== What is being asked ==
Write exactly the lines running from the start of the material below to the line that includes "準備したサンマ、豆腐、野菜チ", and include no pictures.
━━━━━━━━━━━━━━━━
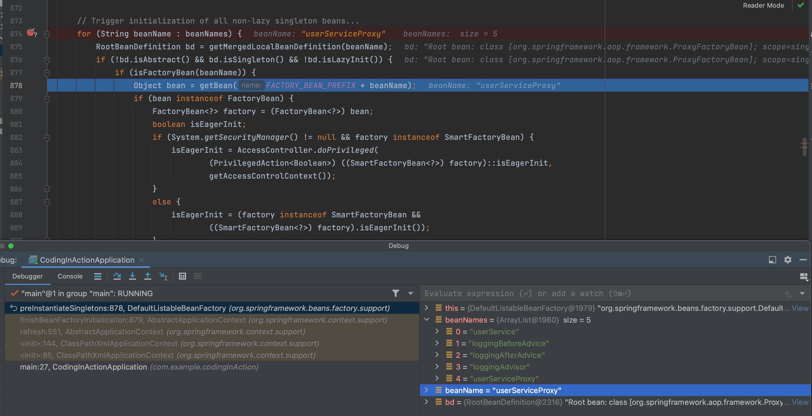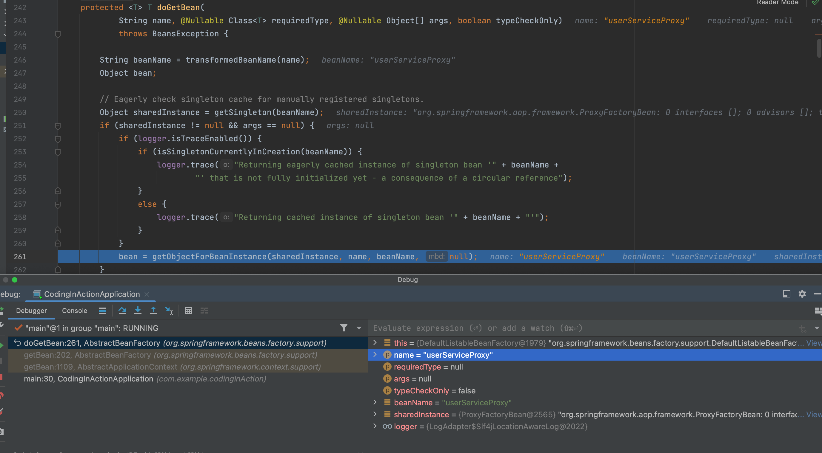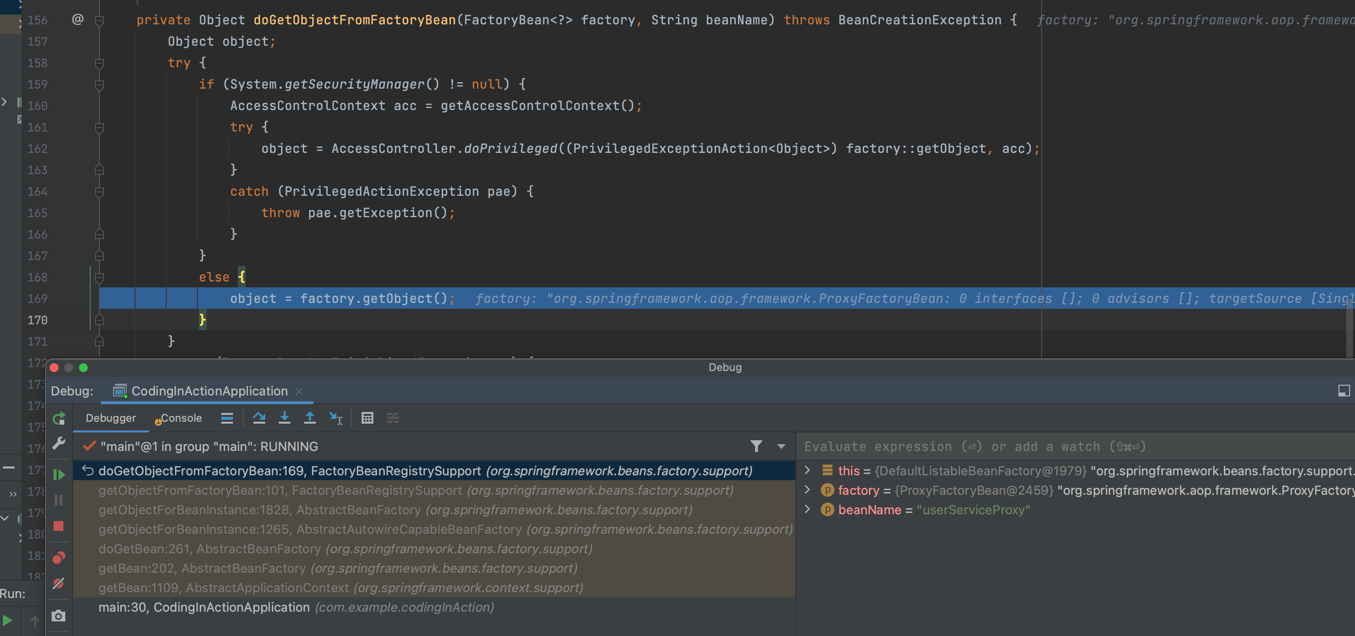 可以看到getBean传参的时候,beanName 前增加了 & 标识,说明这个getBean 流程需要获取的是userServiceProxy这个个FactoryBean ,而不是由它创建的对象
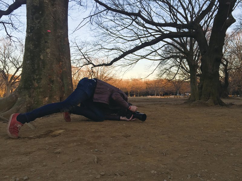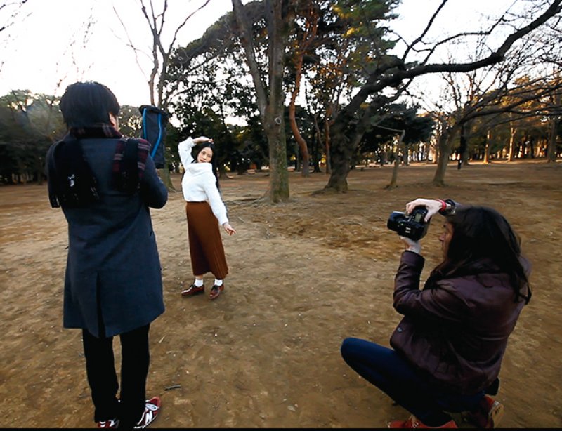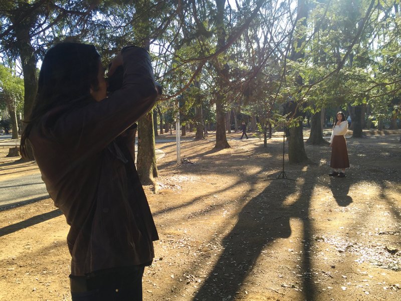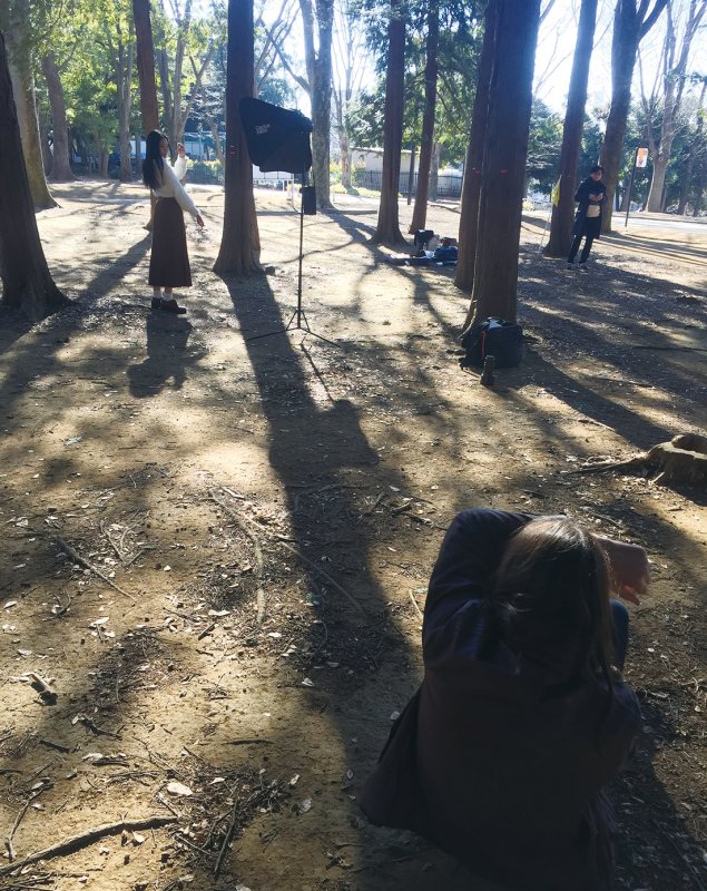 公園の中にある雑木林を最初のロケーションに選んだ。影を作りやすいという理由もあるが、初対面のモデルを撮る時は最初にスタンダードな背景を選んだ方が、どんな子かを観察しながら撮るのに集中できる。
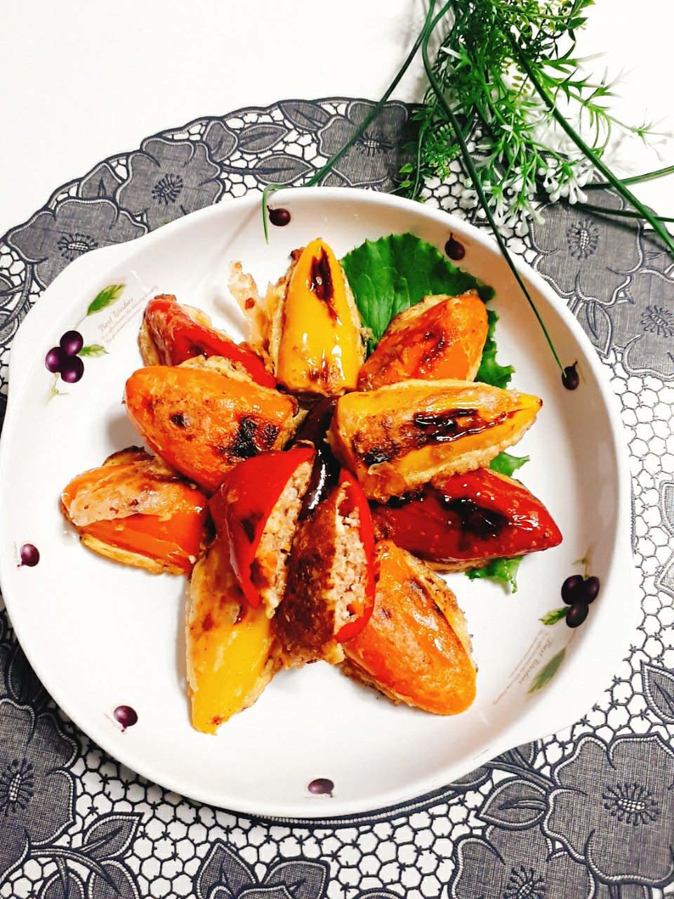 準備したサンマ、豆腐、野菜チヂミの生地を、スプーンや小さなヘラを使って、ミニパプリカの空洞部分に丁寧に詰めてください。生地を詰めすぎると、焼いている間に膨らんでしまったり、流れ出てしまったりすることがあるので、パプリカの形を少し超えない程度に、適量を詰めるのがコツです。
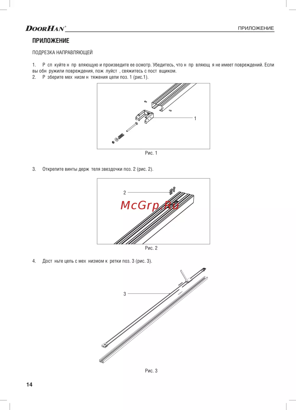 - Высотаподвесаприводаобуславливаетсямаксимальнымподъемомверхнейкромкиполотнаворот послевыполне нияпредварительнойсборки см п можноприступатькустановкенаправляющей 1 еслинеобходимоукоротитьнаправляющую товыполнитедействия описанныевприложении1 2 напритолокеотметьтевертикальнуюлинию соответствующуюцентруворотпогоризонтали рис 3 расположитекронштейнкреплениякпритолоке 1 такимобразом чтобырасстояниеотверхнейкромкиоткрыто гополотнаворотдонижнегокраянаправляющейсоставлялонеменее10мм рис изакрепитеегокпритолоке припомощисаморезов 2 рис 4 соединитенаправляющую 3 икронштейнкреплениякпритолокеприпомощиболтафиксациинаправляющей 4 рис5 5 установитеu образныйкронштейн 5 нанаправляющуюориентировочнонарасстоянии2 3lиприкрепитекпо толку рис 6 установитекронштейныкреплениянаправляющей 6 нанаправляющуюориентировочнона1 3lиприкрепите кпотолку рис 7 установитекронштейнкреплениятягикполотну 7 всерединеверхнегоалюминиевогопрофиляполотнаворот изакрепитеспомощьюсаморезов 8 рис 8 закрепитеизогнутуютягу 9 накрон p.7
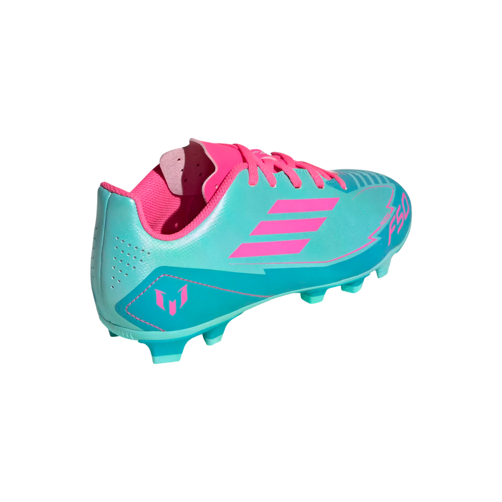 Legendary F50 pace. Mesmerising Messi skills. Built to match the GOAT's on-field preferences, these juniors' adidas boots team a supportive synthetic upper with a lightweight tongue so nothing distracts you from calling the shots. It all sits on a versatile outsole that's capable of conjuring football magic on firm ground and artificial grass pitches. This product features at least 20% recycled materials. By reusing materials that have already been created, we help to reduce waste and our reliance on finite resources and reduce the footprint of the products we make.
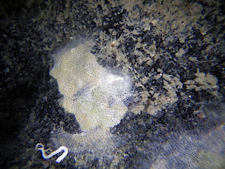 I can't say enough about midweek diving with plenty of parking! A 2.1 m tidal flow was thought to be way more with horizontal climbing the mode of searching. The challenge was on.At one point the current picked up to what seemed like 10 knots! I was holding on with both hands waiting for it cease. Cratena pawarshindeorum is in lots of places, in fact 35 animals were recorded! Amazing. See composite. Including some very tiny juveniles. A juvenile Hypselodoris jacksoni was spotted as well as a Placida kevinlee. When the current went away I got a chance to search the sand, quite a few bubble shells to record.
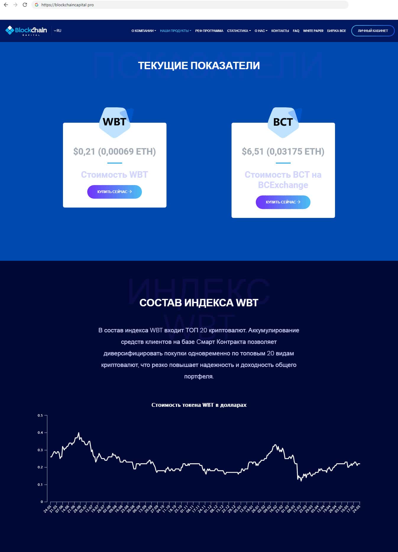 Фирма аферистов Блокчэйн Капитал продемонстрировала ценны на свой токен и индекс WBT, в который якобы входит топ 20 криптовалют. Фирма говорит о том, что этот индекс WBT повышает надёжность и доходность портфеля. Так же продемонстрирован рост их валюты, данный график просто нарисованный, что бы пользователи больше велись на эту информацию.
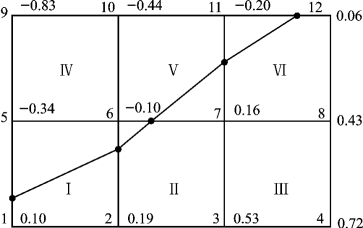 (2)计算零点位置。从图1.8中可知,1—5、2—6、6—7、7—11、11—12五条方格边两端的施工高度符号不同,说明此方格边上有零点存在。由公式1.10求得:
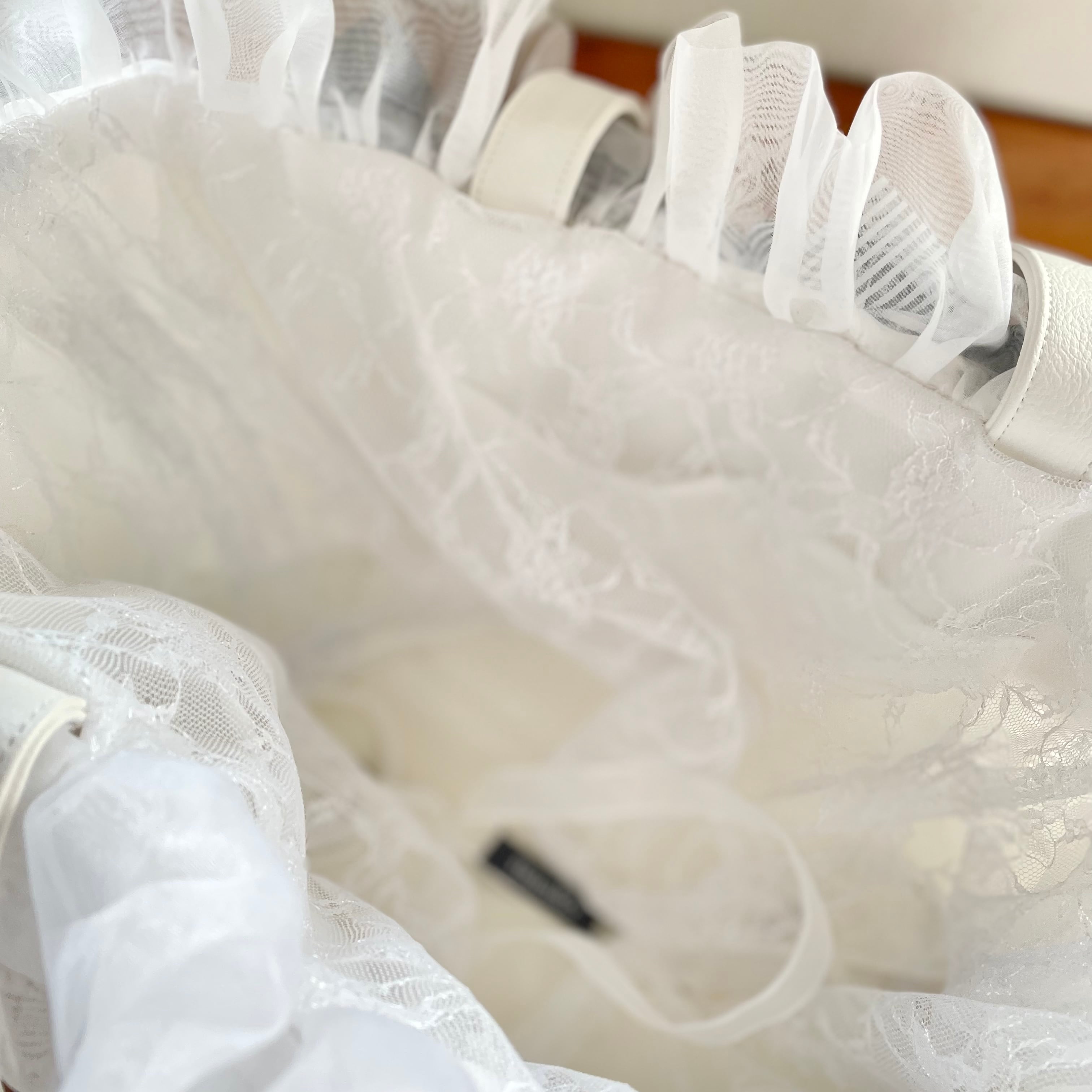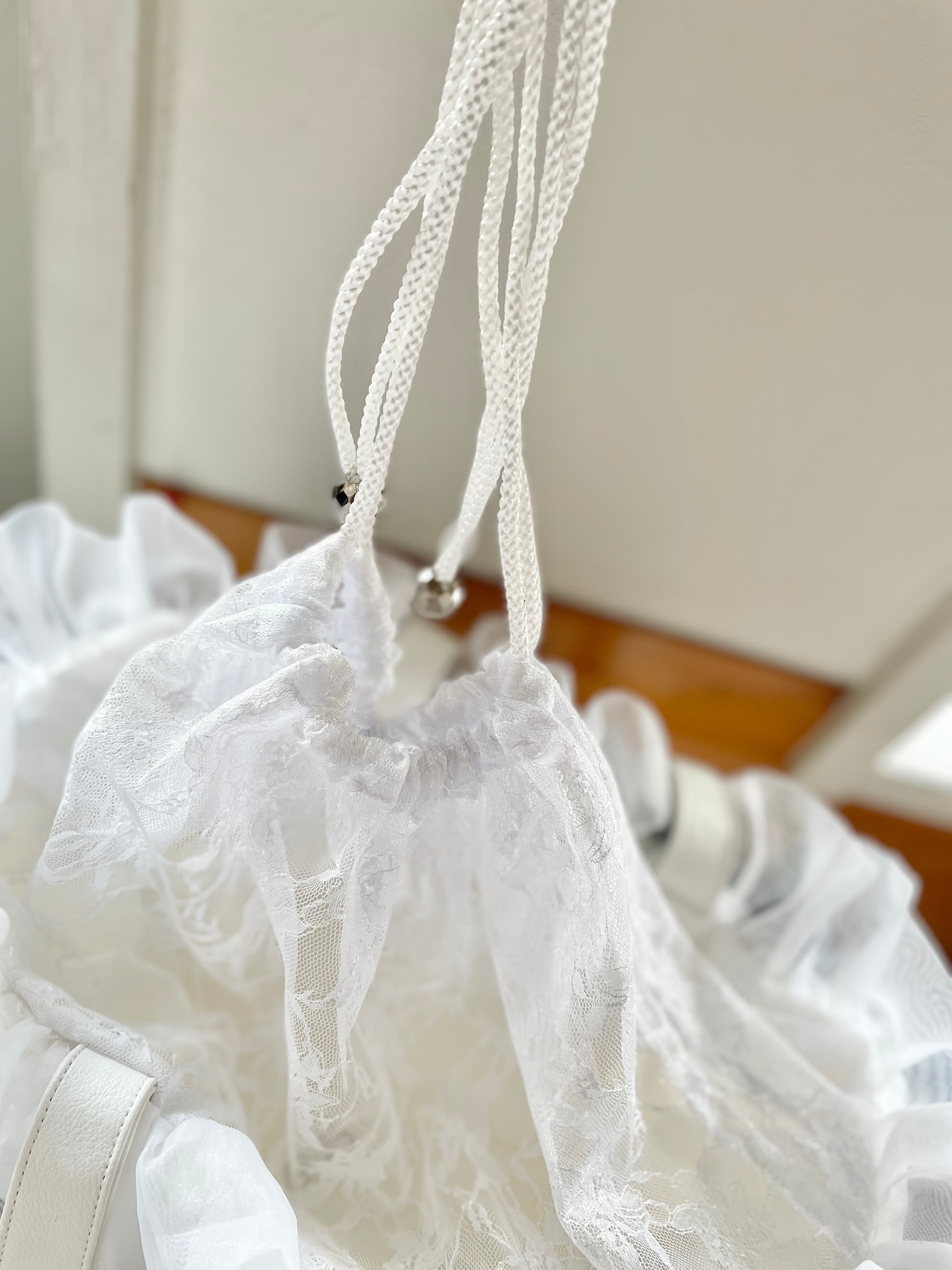 ・持ち手 合皮 ホワイト、長さ63cm(肩から掛ける長さ)
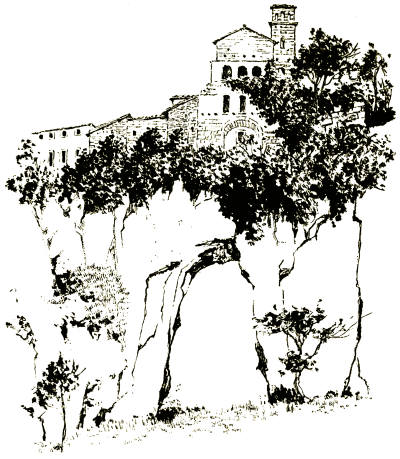 It was very early when we emerged from the frowning gate of the city and dipped down among the dewy vineyards. Beside the road an aqueduct rose out of the earth, a crumbling mass of ancient masonry. As we climbed down into the valley it towered above us, spanning the ravine, but when we toiled over the penitential stones of the Via dei Cappuccini, thankful for its shade as we mounted, it sank again into the hillside, and the leaping green things clambered upon it, eager to drag it back to the ditch. So we went leisurely through the play of light and shade, and always as we looked back we saw Orvieto rising sheer out of the valley like a queen on her brown rock. The morning mist wove a magic beauty round the spires of her Gothic cathedral and the giant pine-tree on the edge of her precipice, until she seemed the very city Turner immortalised.
━━━━━━━━━━━━━━━━
== Answer to the exercise ==
 可以看到getBean传参的时候,beanName 前增加了 & 标识,说明这个getBean 流程需要获取的是userServiceProxy这个个FactoryBean ,而不是由它创建的对象
 公園の中にある雑木林を最初のロケーションに選んだ。影を作りやすいという理由もあるが、初対面のモデルを撮る時は最初にスタンダードな背景を選んだ方が、どんな子かを観察しながら撮るのに集中できる。
 準備したサンマ、豆腐、野菜チヂミの生地を、スプーンや小さなヘラを使って、ミニパプリカの空洞部分に丁寧に詰めてください。生地を詰めすぎると、焼いている間に膨らんでしまったり、流れ出てしまったりすることがあるので、パプリカの形を少し超えない程度に、適量を詰めるのがコツです。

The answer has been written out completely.